O senhor poderia dar um exemplo?

Suponha que a nossa geração se torne imortal biomedicamente. Ela seria a última geração humana porque o planeta não comporta demograficamente uma população que não morre e continua gerando descendentes. Os direitos reprodutivos teriam de ser radicalmente restritos.

E a questão da desigualdade? Um planeta em que parte das pessoas seja imortal biomedicamente e outra parte, seria um planeta ainda mais desigual do que o atual?

Sim, esse é um problema sério. Suponha que essa técnica seja muito cara, restrita apenas a ricos e poderosos. Isso vai dividir a humanidade não mais em classes sociais, seriam quase duas espécies. Casta imortal e mortal. Isso vai criar tamanho ressentimento, ódio e rancor nos que não têm acesso a essa tecnologia que vai deixar a vida dos imortais infernal. E como a violência continuará matando, cria-se uma situação absolutamente insustentável.

O senhor considera que a morte seja uma doença a ser combatida?

Houve uma discussão interessante recente entre médicos nos Estados Unidos sobre se deveriam classificar a morte como uma doença no novo compêndio das patologias. Ela chegou a ser incluída, mas houve uma grande discussão e ela foi retirada da categoria das patologias. Particularmente, acho que a morte é parte do ciclo natural da vida, tão natural quanto nascer, crescer e envelhecer. Também não acho que o envelhecimento seja doença, embora ela debilite enormemente o organismo e tentemos combater. A morte surge no mundo natural com a reprodução sexuada. No momento em que dois seres precisam se unir para gerar um terceiro, os corpos deles perdem a razão de ser do ponto de vista biológico depois da reprodução, são cápsulas descartáveis. Já os seres unicelulares não têm a morte inscrita em seu genoma, como nós. Eles se dividem em dois, em quatro e vão infinitamente assim, se o ambiente não criar restrições. A morte é algo que vem de fora para dentro. No nosso caso, seres de reprodução sexuada, a morte é também de dentro para fora, ela está inscrita em nosso DNA, bem como a senescência. Não só somos sujeitos aos caprichos do acaso, aos acidentes, mas também carregamos a programação para a senescência e o colapso. E isso nasce justamente no momento em que a reprodução sexuada se afirma como método natural de procriação. Em resumo, com o sexo nasce a morte.

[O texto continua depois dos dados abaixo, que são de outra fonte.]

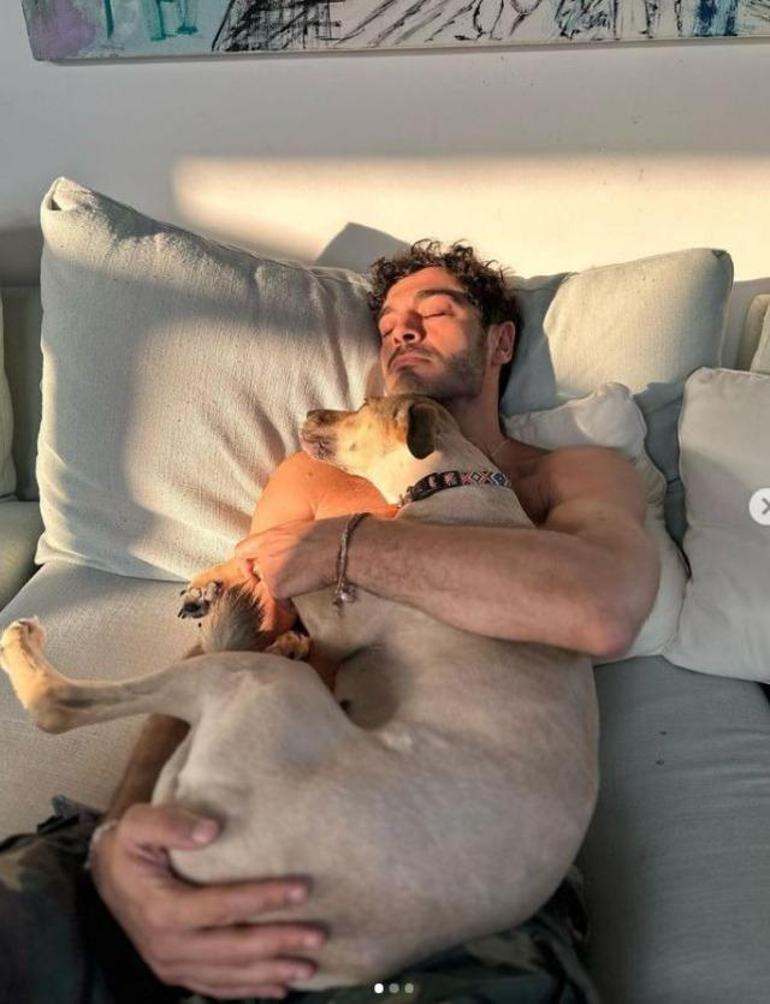 Burak Deniz oyuncunun köpeği olduğu iddia edilen sevimle dostuyla yatakta pozlarını paylaşınca sosyal medya yıkıldı.
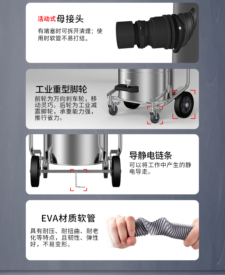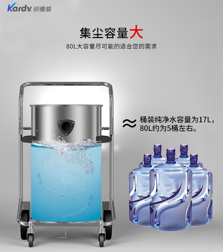 GS-3078B是一款工業(yè)型吸塵器,集塵桶為80L,為不銹鋼材質(zhì),配有不銹鋼車架,在移動時輕巧方便;可以用在工廠、倉庫或建筑工地等場所清理灰塵等,在商業(yè)環(huán)境中也可以使用。
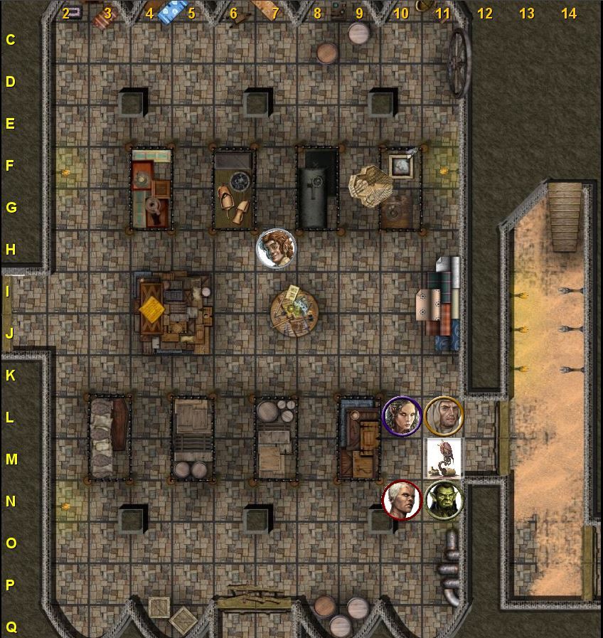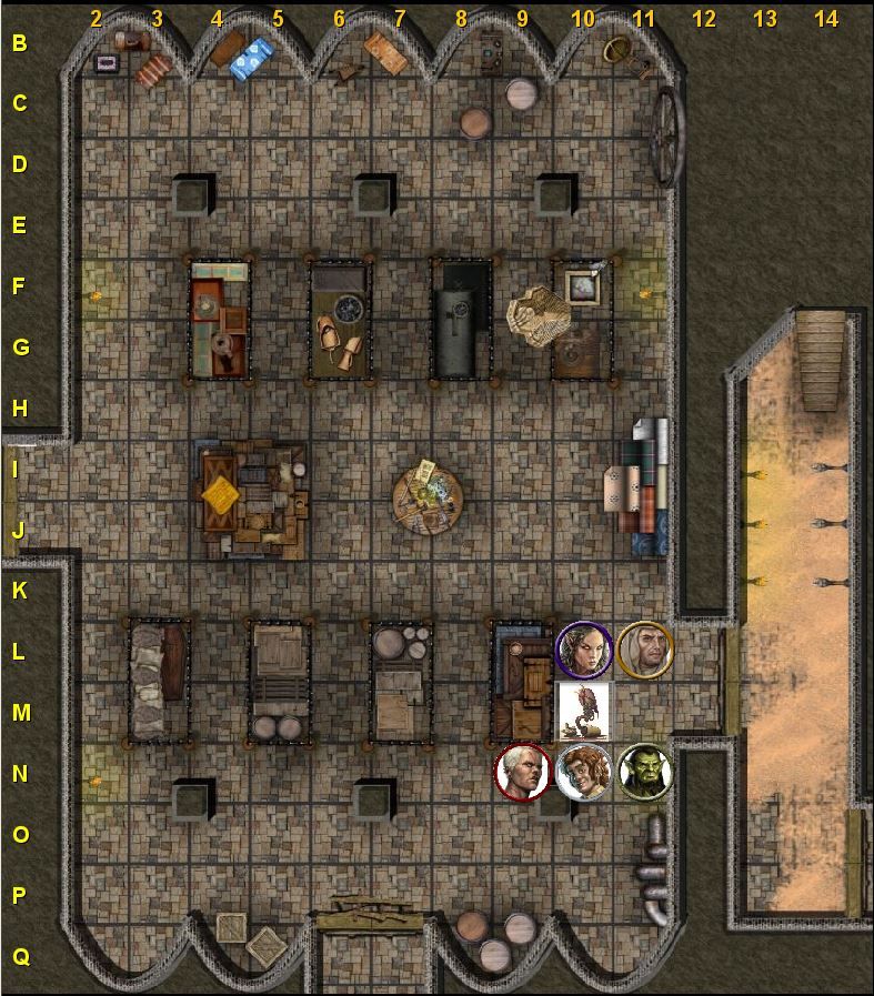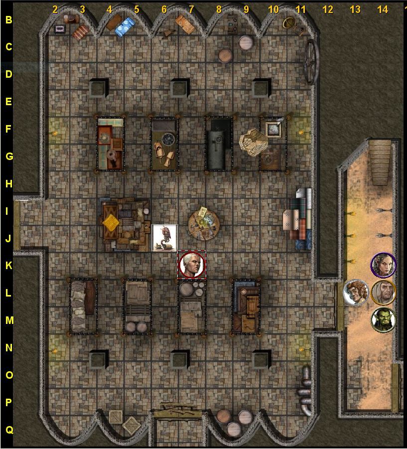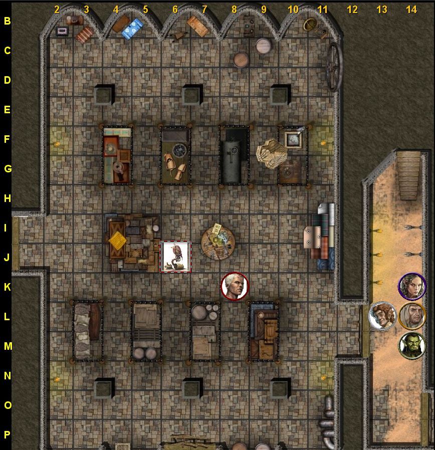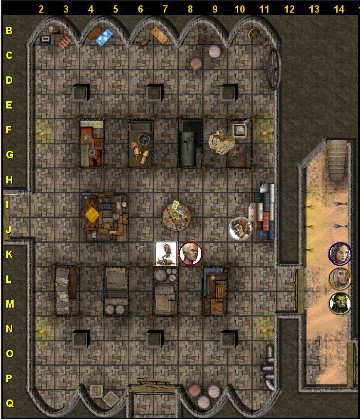 As Myron listens to Elrisiel quickly share her knowledge of the undead monster, he realises that his blades will be of little use in this fight. Instead, he retrieves a tanglefoot bag from his pack and moves to get a clean shot.

O senhor considera contraditório que o homem busque a imortalidade e, ao mesmo tempo, esteja destruindo o planeta de forma irreversível?

Não vejo contradição. Essa busca da imortalidade se dá essencialmente no plano individual. É cada indivíduo se esforçando, como tudo o que vive, para se manter vivo. O que estamos descobrindo é que formas de vida muito agressivas em relação ao mundo natural, quando bilhões de pessoas geram interações que produzem eventos ameaçadores da vida. O curioso das mudanças climáticas é que não é intenção de ninguém. Nenhum ser humano, estado ou empresa tem intenção de provocar as mudanças climáticas. Mas elas são resultado da ação humana. Não da intenção, mas da ação. São bilhões de seres humanos agindo na produção e no consumo de forma que o resultado final é o contrário do pretendido e nos afronta quase como uma fatalidade, um terremoto ou cataclismo natural.